- _The data_:
....
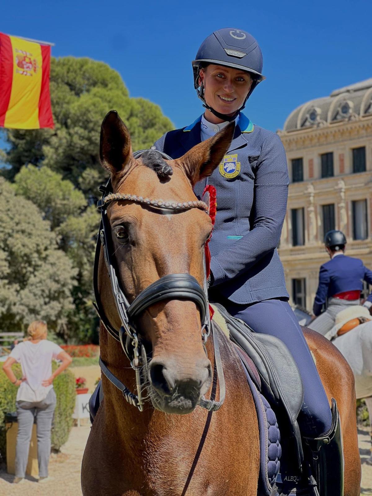 Inför speeden på söndagen låg jag trea totalt och såklart hade jag siktet inställt på att hålla den pallplatsen. Vi gav 110 % i speeden och igen var Jaguar heeeelt otrolig. Han är som en målsökande robot och jag får bara se till att hänga med i hans tempo. I flytta mugg höll han galopp på stället och så fort jag flyttat över och gav signal for han iväg mot nästa hinder. Man kan inte bli annat än glad när man rider den hästen i speed! I näst sista hindret, som var klockan i L, blev det dock lite överslag. Jag hade samma problem i Segovia året innan och rygga i största allmänhet har han kunnat bli något spänd i. Han ville iväg lite för fort och började nästan vända inne i klockan. Vi stötte ner två plankor och fick 10 sekunders pålägg. Helt sjukt att vi trots de extra sekunderna blev fyra i speeden och lyckades kliva upp till en andraplats som slutplacering. Hade vi inte rivit klockan hade vi vunnit speeden, men det hade inte varit tillräckligt för att ta förstaplatsen totalt. Det gjorde att jag inte behövde gräma mig över rivet, utan kunde njuta och vara så glad för vår andraplats. I Segovia blev vi också tvåa, men detta var ett helt annat motstånd. 25 ryttare från 9 olika nationer och flera med mästerskap i bagaget. Så otroligt tacksam för min fina underbara Jaguar som överträffar mina förväntningar gång på gång. Är så härligt att han tycker det är lika kul som jag att tävla (eller ÄNNU roligare) och funkar bra att resa med och allt det som är runt omkring. Så det gick lätt att rulla hem på måndagen och jag hoppas allt går i lås till nästa års VM!
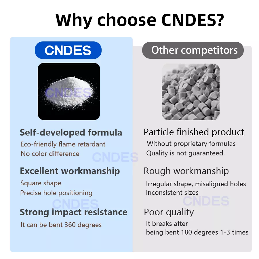 Naša receptúra je šetrná k životnému prostrediu a odolná voči ohňu. Zabezpečuje žiadne farebné variácie medzi rôznymi šaržami a zachováva silné fyzikálne vlastnosti našich káblových kanálov, čo im umožňuje vydržať opakované ohýbanie o 180° bez toho, aby sa zlomili.
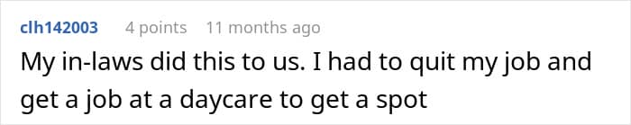 Even though this meant juggling their current jobs, looking for new ones, buying a house from out of state, and generally going through the hassle of moving. Fortunately, the author’s in-laws had announced upfront that they would take care of the kid themselves so that the OP and her husband could fully concentrate on the move.
....
- _The problem_:
Set the pictures aside and transcribe the data above exactly.

- _Exercise solution_:
 Inför speeden på söndagen låg jag trea totalt och såklart hade jag siktet inställt på att hålla den pallplatsen. Vi gav 110 % i speeden och igen var Jaguar heeeelt otrolig. Han är som en målsökande robot och jag får bara se till att hänga med i hans tempo. I flytta mugg höll han galopp på stället och så fort jag flyttat över och gav signal for han iväg mot nästa hinder. Man kan inte bli annat än glad när man rider den hästen i speed! I näst sista hindret, som var klockan i L, blev det dock lite överslag. Jag hade samma problem i Segovia året innan och rygga i största allmänhet har han kunnat bli något spänd i. Han ville iväg lite för fort och började nästan vända inne i klockan. Vi stötte ner två plankor och fick 10 sekunders pålägg. Helt sjukt att vi trots de extra sekunderna blev fyra i speeden och lyckades kliva upp till en andraplats som slutplacering. Hade vi inte rivit klockan hade vi vunnit speeden, men det hade inte varit tillräckligt för att ta förstaplatsen totalt. Det gjorde att jag inte behövde gräma mig över rivet, utan kunde njuta och vara så glad för vår andraplats. I Segovia blev vi också tvåa, men detta var ett helt annat motstånd. 25 ryttare från 9 olika nationer och flera med mästerskap i bagaget. Så otroligt tacksam för min fina underbara Jaguar som överträffar mina förväntningar gång på gång. Är så härligt att han tycker det är lika kul som jag att tävla (eller ÄNNU roligare) och funkar bra att resa med och allt det som är runt omkring. Så det gick lätt att rulla hem på måndagen och jag hoppas allt går i lås till nästa års VM!
 Naša receptúra je šetrná k životnému prostrediu a odolná voči ohňu. Zabezpečuje žiadne farebné variácie medzi rôznymi šaržami a zachováva silné fyzikálne vlastnosti našich káblových kanálov, čo im umožňuje vydržať opakované ohýbanie o 180° bez toho, aby sa zlomili.
 Even though this meant juggling their current jobs, looking for new ones, buying a house from out of state, and generally going through the hassle of moving. Fortunately, the author’s in-laws had announced upfront that they would take care of the kid themselves so that the OP and her husband could fully concentrate on the move.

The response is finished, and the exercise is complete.